Segment Start: Supplied records

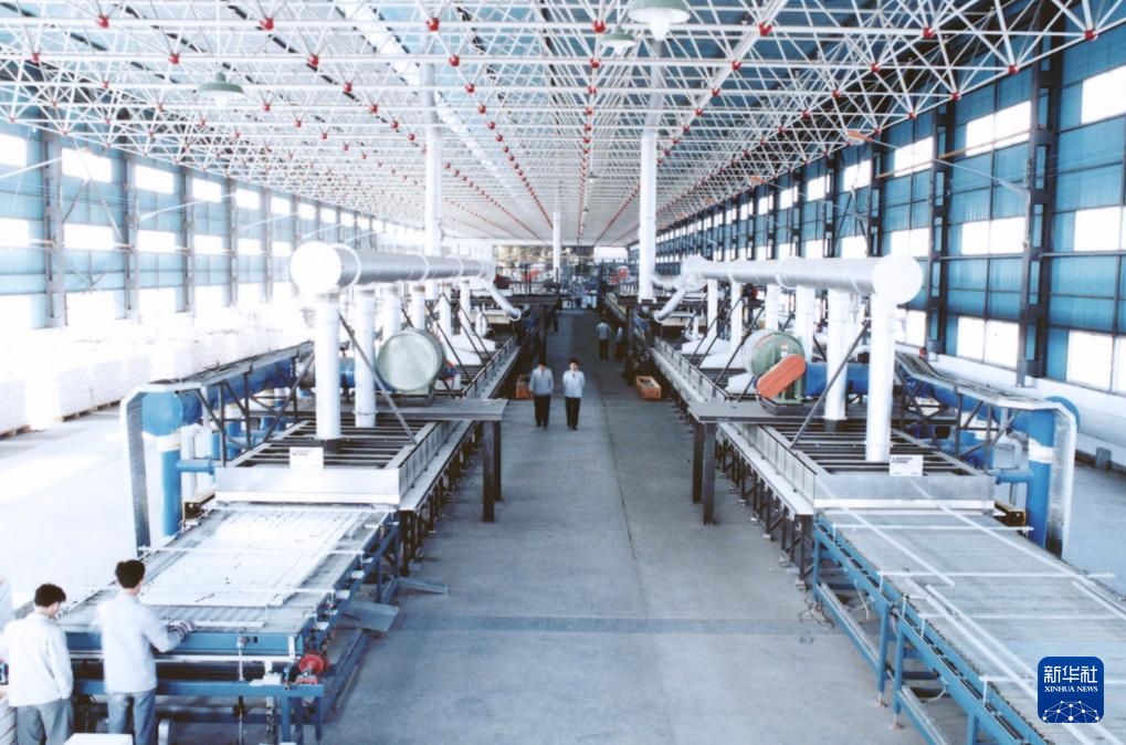 20世纪90年代三环公司瓷砖生产现场(资料照片)。 新华社发
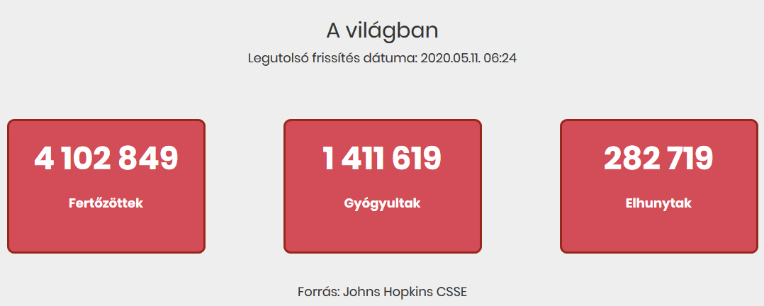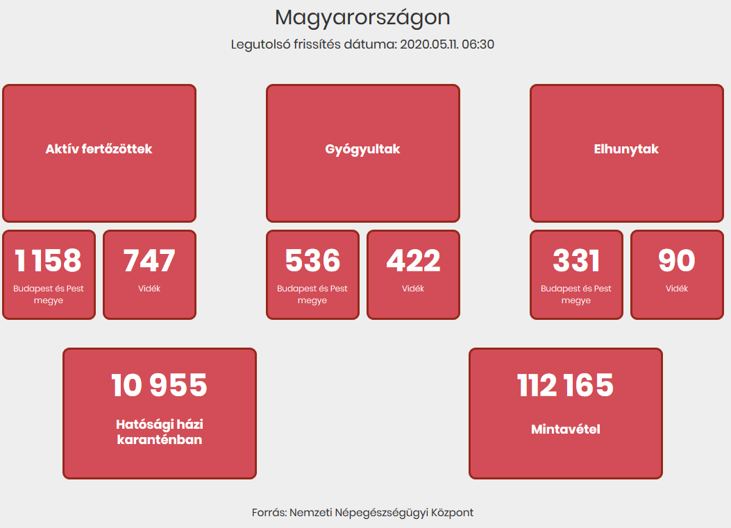 Az oldal térképe alapján továbbra is Budapesten (1587 ember) és Pest megyében (438) van a legtöbb fertőzött. Ezt követi Fejér megye (333), Komárom-Esztergom (173), Zala (170) és Csongrád megye (107). Vas megyében (14) van a legkevesebb fertőzött Magyarországon.
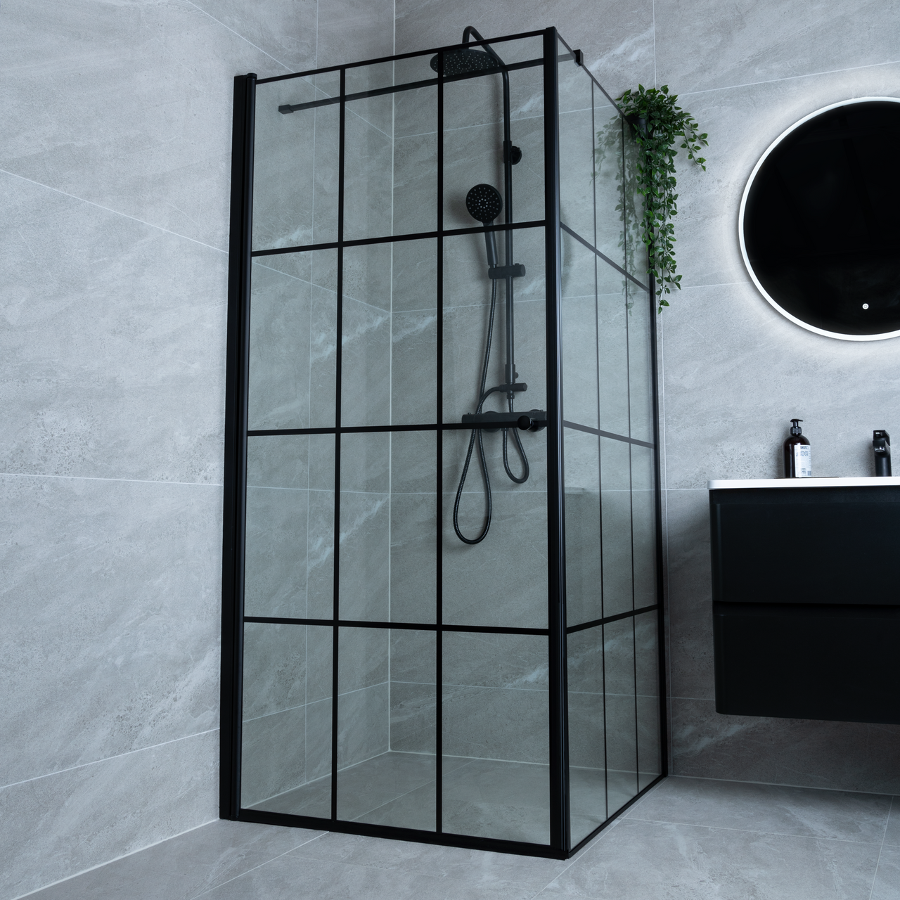 Denne dusjdøren er en del av den moderne Nero-serien fra Celeste. Den er 90 cm bred, og har et stilrent design med rutete mønster og sorte profiler. Den passer godt inn i både mørke og lyse baderom, og et dusjsett i samme farge vil skape en helhetlig stil.
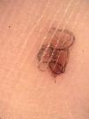A la inspección podía comprobarse que se trataba de una mácula de color marrón claro, no uniforme, de 3mm de diámetro. A simple vista, la naturaleza de la lesión no era claramente identificable (fig. 1).
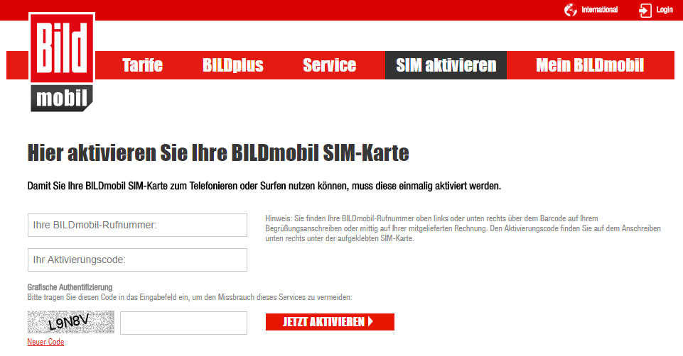 Zur Aktivierung Deiner BILDmobil SIM-Karte benötigst Du Deine Mobilfunknummer und den Aktivierungscode. Alle Daten werden Dir nach der Bestellung zusammen mit der SIM-Karte zugesandt. Auf der Webseite von BILDmobil findest Du oben im Menü den Reiter „SIM aktivieren“. Hier gibst Du einfach Deine Rufnummer, den Aktivierungscode und das Captcha ein. Nun klickst Du auf „jetzt aktivieren“. Nach etwa 1-2 Stunden kannst Du Deine SIM-Karte nutzen.
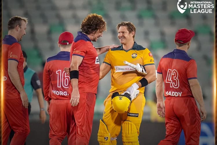 इंग्लैंड मास्टर्स (England Masters) ने टॉस जीतकर पहले बल्लेबाजी करने का फैसला किया और इयोन मोर्गन और टिम एम्ब्रोस की विस्फोटक पारियों की बदौलत बड़ा स्कोर खड़ा किया. फिल मस्टर्ड (17 गेंदों पर 17 रन) ने मोर्गन के साथ मिलकर पहले विकेट के लिए 76 रन की साझेदारी की. मोर्गन ने 27 गेंदों पर 64 रन बनाए, जिसमें पांच चौके और पांच छक्के शामिल थे. England vs Australia.
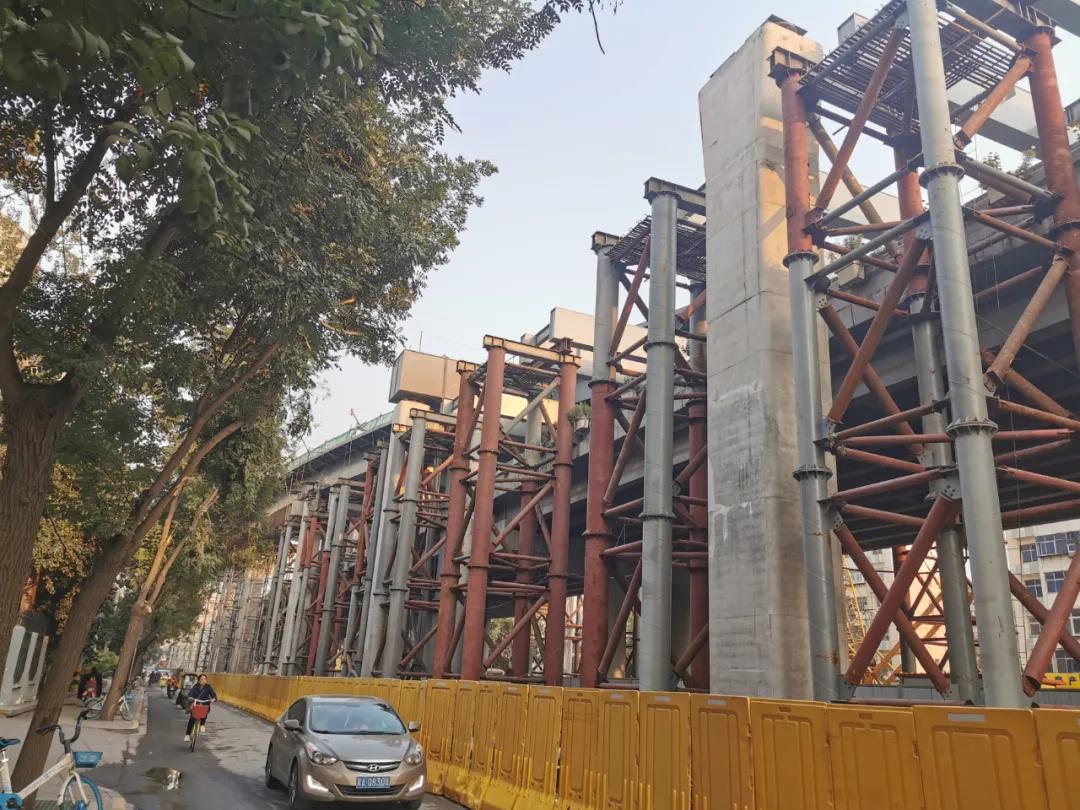 ▼槐安路橋段施工南側(cè)緊鄰路旁大樹和高壓線

Segment End: Supplied records

→ Problem description: Set down the records above word for word, from the first line through the line containing "Zur Aktivierung Deiner", both included; leave out the pictures.

→ Answer area:
 20世纪90年代三环公司瓷砖生产现场(资料照片)。 新华社发
 Az oldal térképe alapján továbbra is Budapesten (1587 ember) és Pest megyében (438) van a legtöbb fertőzött. Ezt követi Fejér megye (333), Komárom-Esztergom (173), Zala (170) és Csongrád megye (107). Vas megyében (14) van a legkevesebb fertőzött Magyarországon.
 Denne dusjdøren er en del av den moderne Nero-serien fra Celeste. Den er 90 cm bred, og har et stilrent design med rutete mønster og sorte profiler. Den passer godt inn i både mørke og lyse baderom, og et dusjsett i samme farge vil skape en helhetlig stil.
A la inspección podía comprobarse que se trataba de una mácula de color marrón claro, no uniforme, de 3mm de diámetro. A simple vista, la naturaleza de la lesión no era claramente identificable (fig. 1).
 Zur Aktivierung Deiner BILDmobil SIM-Karte benötigst Du Deine Mobilfunknummer und den Aktivierungscode. Alle Daten werden Dir nach der Bestellung zusammen mit der SIM-Karte zugesandt. Auf der Webseite von BILDmobil findest Du oben im Menü den Reiter „SIM aktivieren“. Hier gibst Du einfach Deine Rufnummer, den Aktivierungscode und das Captcha ein. Nun klickst Du auf „jetzt aktivieren“. Nach etwa 1-2 Stunden kannst Du Deine SIM-Karte nutzen.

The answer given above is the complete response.